Five reasons you'll be over the moon about that veterinary dental radiography unit.


As veterinary dentist Dr. Barden Greenfield puts it, if you don't have the ability to take intraoral radiographs in your veterinary practice, it's like going to the moon without a navigation system. A great adventure to be sure-but extremely perilous. Neil Armstrong would not approve.

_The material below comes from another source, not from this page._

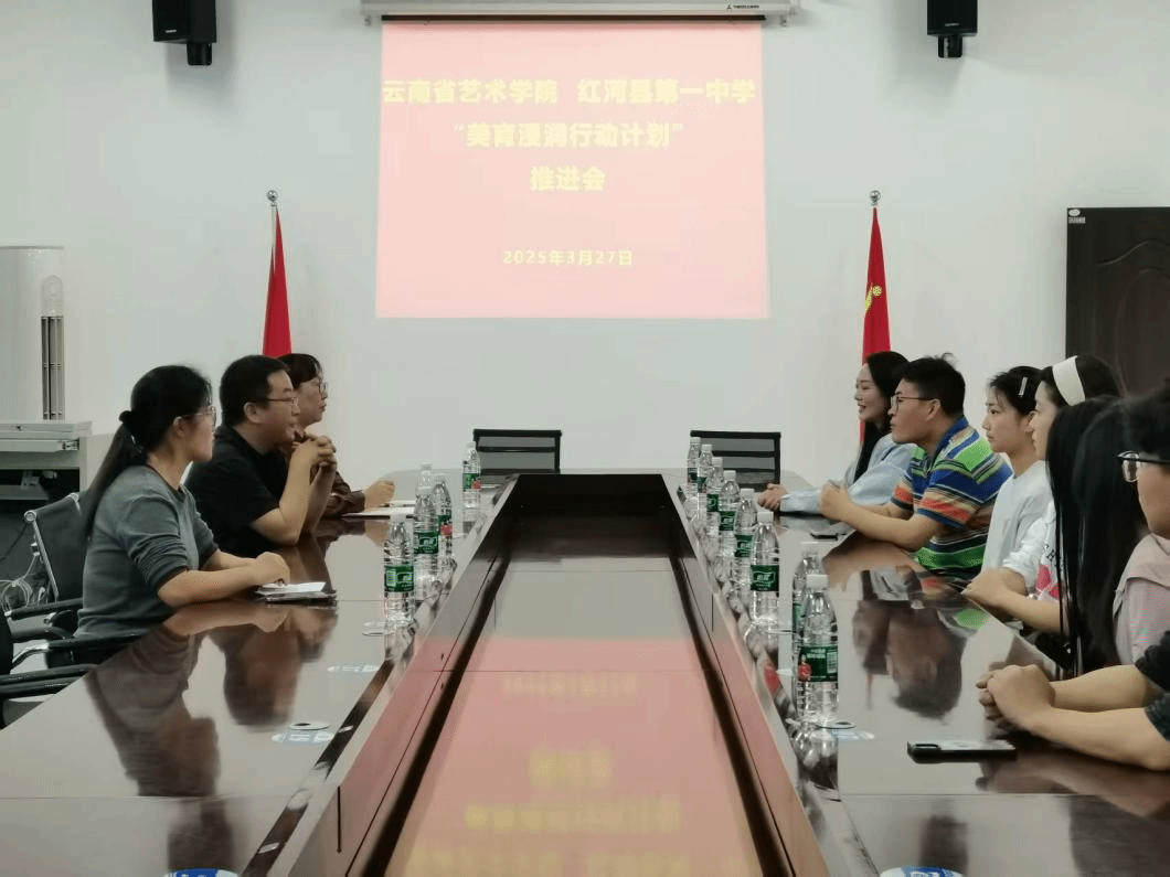 2025年3月17日与红河县第一中学书记涂永胜、副董事长王学新等主管领导及美术、音乐教研组负责老师,一起就“美育浸润”行动对接后的工作任务进行了研讨。3月27日与县一中副董事长王学新、副董事长姚薇、副书记杨薛丹,就前期对“美育浸润”行动达成的共识及后续与一中相关的活动进行了统筹安排,落实了4月25日“校园艺术节”各自的任务及实施计划。

To ensure that Houston the hound doesn't have a problem, it's crucial to attain this standard of care. Then get ready to see your patients' teeth like you've never seen them before. Here are just a few of the out-of-this-world things you can achieve by adding an oral radiographic examination to your dental cleanings and treatments, which Dr. Greenfield covered at a recent CVC.

1. Prove you did your job

If you need to extract a tooth, obtaining radiographs before and after is paramount. “As a radiograph is a legal document, this is the only confirmation that the procedure you charged for was done to completion,” says Dr. Greenfield. “Tooth root fragments and remnants are quite commonly left in the mouth with extractions.”

2. Detect unerupted teeth

If a tooth hasn't erupted in a patient's mouth, before declaring it's nonexistence, go get that radiograph and make sure something more sinister isn't going on. Dr. Greenfield says that many teeth never erupt and get trapped. The sinister part: That unerupted tooth can become a dentigerous cyst. “Enamel does not belong below the gum line,” he says. “It becomes a foreign body causing an osmotic gradient, which leads to bone destruction.”

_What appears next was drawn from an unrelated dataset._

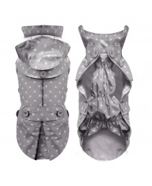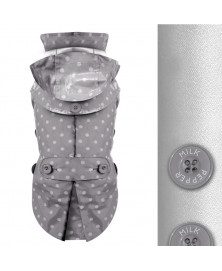 • Imperméable toile cirée grise avec petit pois blanc.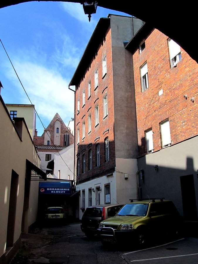 Na starym mieście w Toruniu bardzo często się zdarza, że w bardzo małych podwórkach są niewielkie warsztaciki rzemieślnicze, ale także wejścia do mieszkań przyległych domów. Na zdjęciu: Widok podwórza należącego do kamienicy przy ul. Mostowej 15.

An embedded incisor that was picked up on radiography. (Photos courtesy of Dr. Barden Greenfield)

3. Clue in to whether a mass is benign or malignant

Yes, histopathology is the only way to absolutely determine whether an oral mass is malignant, but a radiograph can provide some guidance while you're waiting on the official histopath results. “If a destructive mass is present but the teeth are not deviated from their normal anatomical positions, you can assume it's a malignant mass,” says Dr. Greenfield. “Odontogenic tumors tend to move teeth as they grow.”

A dentigerous cyst of the right mandibular first premolar tooth.

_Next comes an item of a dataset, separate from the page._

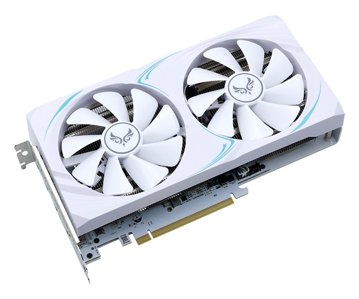 这款联名显卡三维 233×124×51 (mm),厚度约为 2.5 槽,采用白色 PCB,配备双 100mm 风扇 + 四热管 + 镜面铜底散热系统,视频输出接口配置为 3× DisplayPort + 1× HDMI。其 GPU 核心加速频率来到 2505MHz (+30MHz),显卡功耗保持在 220W。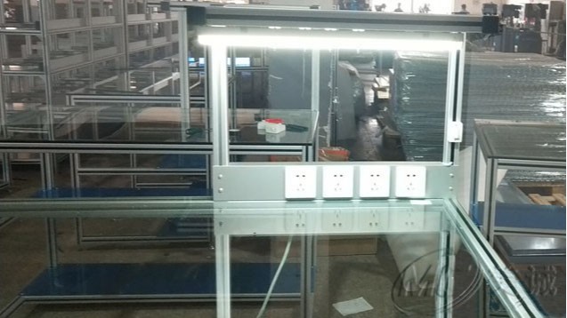 鋼化玻璃操作臺由專用工業(yè)鋁型材作為框架,其需求根據(jù)客戶制定進行免費設(shè)計、切割加工,配件連接而組成,其中運用了鋼化玻璃作為臺面,裝有照明日光燈,以及電源插座方便實際工作中的操作,提高工作效能。

4. Determine whether a tooth is still vital

Did you know that the narrower the dentin wall and the wider the pulp cavity, the younger the pet? Yep, pulp matures as a pet ages. Dr. Greenfield says this fact can help you determine whether a tooth has died. “One way to assess the vitality of a tooth is to radiograph the contralateral tooth to assess pulp cavity width,” he says. “Premature maturation, or tooth death, results in a static pulp canal width.”

A radiograph of a nonvital tooth. Note the wide pulp cavity indicating premature maturation (tooth death).

5. Go digital for out-of-sight results

Digital or conventional radiography? That might be your next question. You can go either way, but Dr. Greenfield is firmly on the digital side. “Digital radiography produces images that are easily manipulated, catalogued, and visualized, and in many instances, superior to film,” he says. (Click here to read another veterinarian's view on this question.)

A radiograph from a dog that had a normal looking tooth with no probing pathology. This blood-borne abscess is called anachoresis and can only be diagnosed via dental radiographs.